I went into The Healthy Weigh the other day and Letha and Glenda complimented me on my outfit. The first thing out of my mouth was "Oh, thanks, but these pants give me a bit of a 'muffin top'."
Um, really? Somone offers me a nice compliment and my response has to do with something so unpleasant as fat rolling over the top of my pants (hence 'muffin top')? Really? Ick.
As soon as I said it, I wanted to stop time and then plunk each word from the air and back into my mouth before they reached Letha and Glenda's ears. REWIND!
Letha's response, "Oh. Well. I guess that's why you wear a shirt you can leave untucked!"
Isn't she just so positive?
Meanwhile I'm thinking to myself that it's such a shame that I can't seem to just accept compliments with a smile and be happy about it.
Like when someone compliments me on how much weight I've lost and how good I look. My response, "Thanks, but I still have a long way to go."
I'm so silly! Why not just leave it at "Thanks!" and be done with it?
Well, by offering up the negative, I'm defeating the compliment. I have a hard time believing too many positive things about myself. It's something I'm working on ... but every once in awhile my old brain takes back over and I lose ground, slipping back into my "Thanks, but ...." routine.

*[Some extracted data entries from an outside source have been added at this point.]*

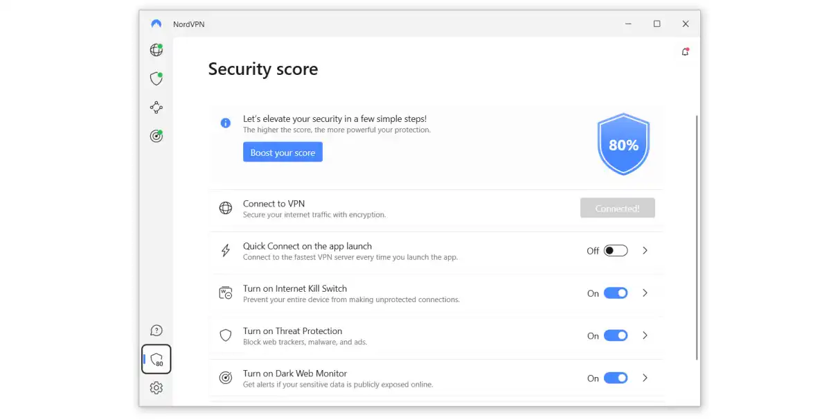 A nice touch is the security score you’ll see in the apps. This helps to highlight some of the features that you might not know about that could improve your overall security, such as auto-connect, kill switch, threat protection and multi-factor authentication.
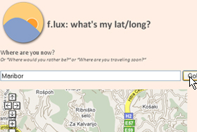 Če napiše napako, da tega mesta ne najde, poskusite vpisati neko bližje, večje mesto. Kopirajte vašo lokacijo in jo prilepite v okence programa f.lux. Klik na OK. |
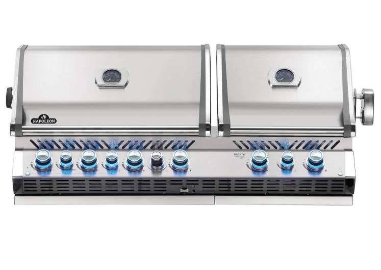 The Built-in Prestige® PRO 825 Propane Gas Grill is Napoleon’s most commanding luxury grill—designed for serious entertainers and outdoor kitchen builders. With 106,000 total BTUs, two fully independent grill heads, and an expansive 1,245 sq. in. total cooking area, this unit gives you unmatched flexibility for simultaneous direct searing, low-and-slow indirect cooking, and professional rotisserie roasting. The infrared rear rotisserie burner with included spit kit delivers perfectly even, restaurant-quality results, while the integrated wood chip smoker tray lets you add authentic smoke flavor at the turn of a knob. Iconic 9.5 mm stainless WAVE™ cooking grids create bold sear marks and exceptional heat retention, and premium stainless construction with chrome accents ensures lasting durability and elegance. Grill confidently after dark thanks to interior grill lights, proximity lighting, and RGB Spectrum NIGHT LIGHT™ knobs with SafetyGlow, which illuminate blue and turn red when burners are active for added safety and control.

Those times are when I wish there was a freeze time, rewind option in life so that I could go back and remove everything after the initial "thanks".
It takes a lot for most people to offer compliments. I'm not sure why, but it seems that in our culture praising the good is almost a taboo thing. So, when someone does offer up a nice tidbit, I need to be gracious in my reception.
This is something I'm continuing to work on and will one day be successful at. In the meantime, if you offer me a compliment and my face gets all squishy while I force my lips closed after the "Thanks!", hopefully you'll understand and not take it too personally!